Air release is a factor in the fluid's compressibility and heat transfer characteristics.

A very thick hydraulic oil will tend to keep air bubbles trapped inside well after they've been introduced, which is never good.

Detergent Content

Most types of oil contain some sort of detergent that is used to emulsify water and to suspend contaminants that can cause sludge build-up in the system.

This keeps contaminants from turning into deposits and keeps water from causing system damage.

When using a detergent oil, bear in mind that you'll need to filter your oil and keep a close eye on its condition.

Emulsified water can turn into steam under high temperature, which will wreak havoc on your hydraulic system.

Viscosity

Viscosity refers to how well a fluid holds together when allowed to free-flow.

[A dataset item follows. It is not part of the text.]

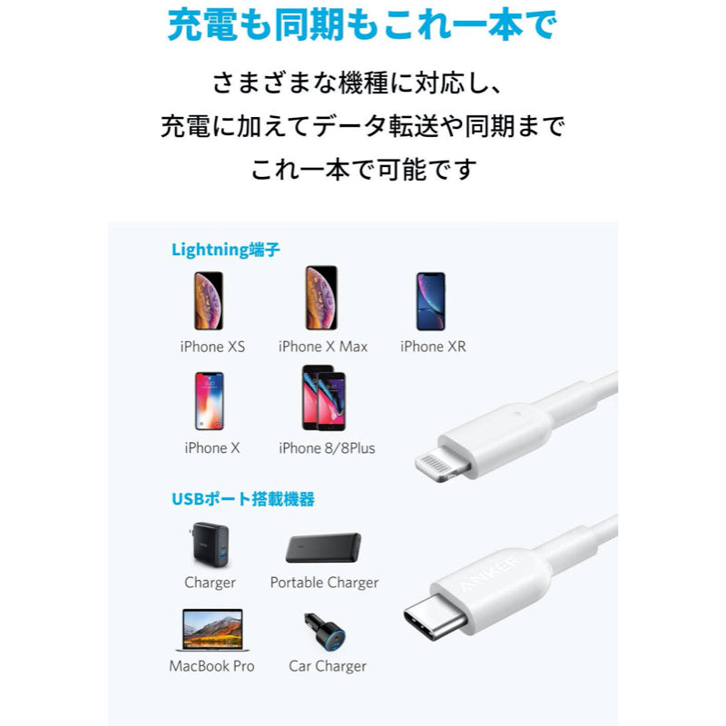 Anker PowerLine II USB-C & ライトニング ケーブル (2本セット) 0.9m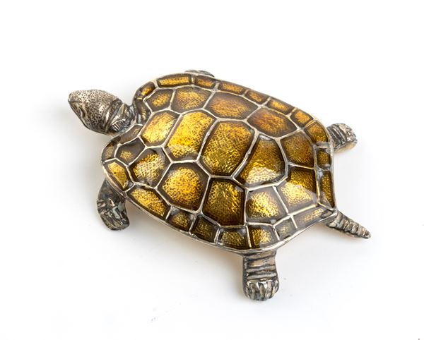 enameled in the tones of orange. 800/1000 silver, hallmarked "800 and * 1 AL" in use in Italy after 1968, silversmith CESA.

Water has very low viscosity, and maple syrup has high viscosity.

Viscosity almost always diminishes with increased heat, as the molecules of the hydraulic fluid move farther apart.

A delicate balance must be struck in viscosity, as a higher-viscosity fluid makes the system more efficient, but a thinner fluid has better air release and performs better in cold weather.

Although multi-viscosity oils would seem to be the magic bullet answer to this problem, bear in mind that the additives used in them tend to reduce its air-release characteristics.

Multi-viscosity oils are good for high-capacity systems with large reservoirs and good air-release characteristics but should be avoided on smaller systems unless they're needed.

Lubricity

Like most oils, hydraulic oil is also used as a system lubricant where applied.

The base stock of oil itself does not provide very good lubrication, which is why manufacturers use a Zinc dialkyl dithiophosphate (ZnDTP) to increase its lubricity.

Fluids with high levels of ZnDTP (sold commercially as "anti-wear" oil) should only be used in systems that are designed for them, as this chemical can be highly corrosive to some metals.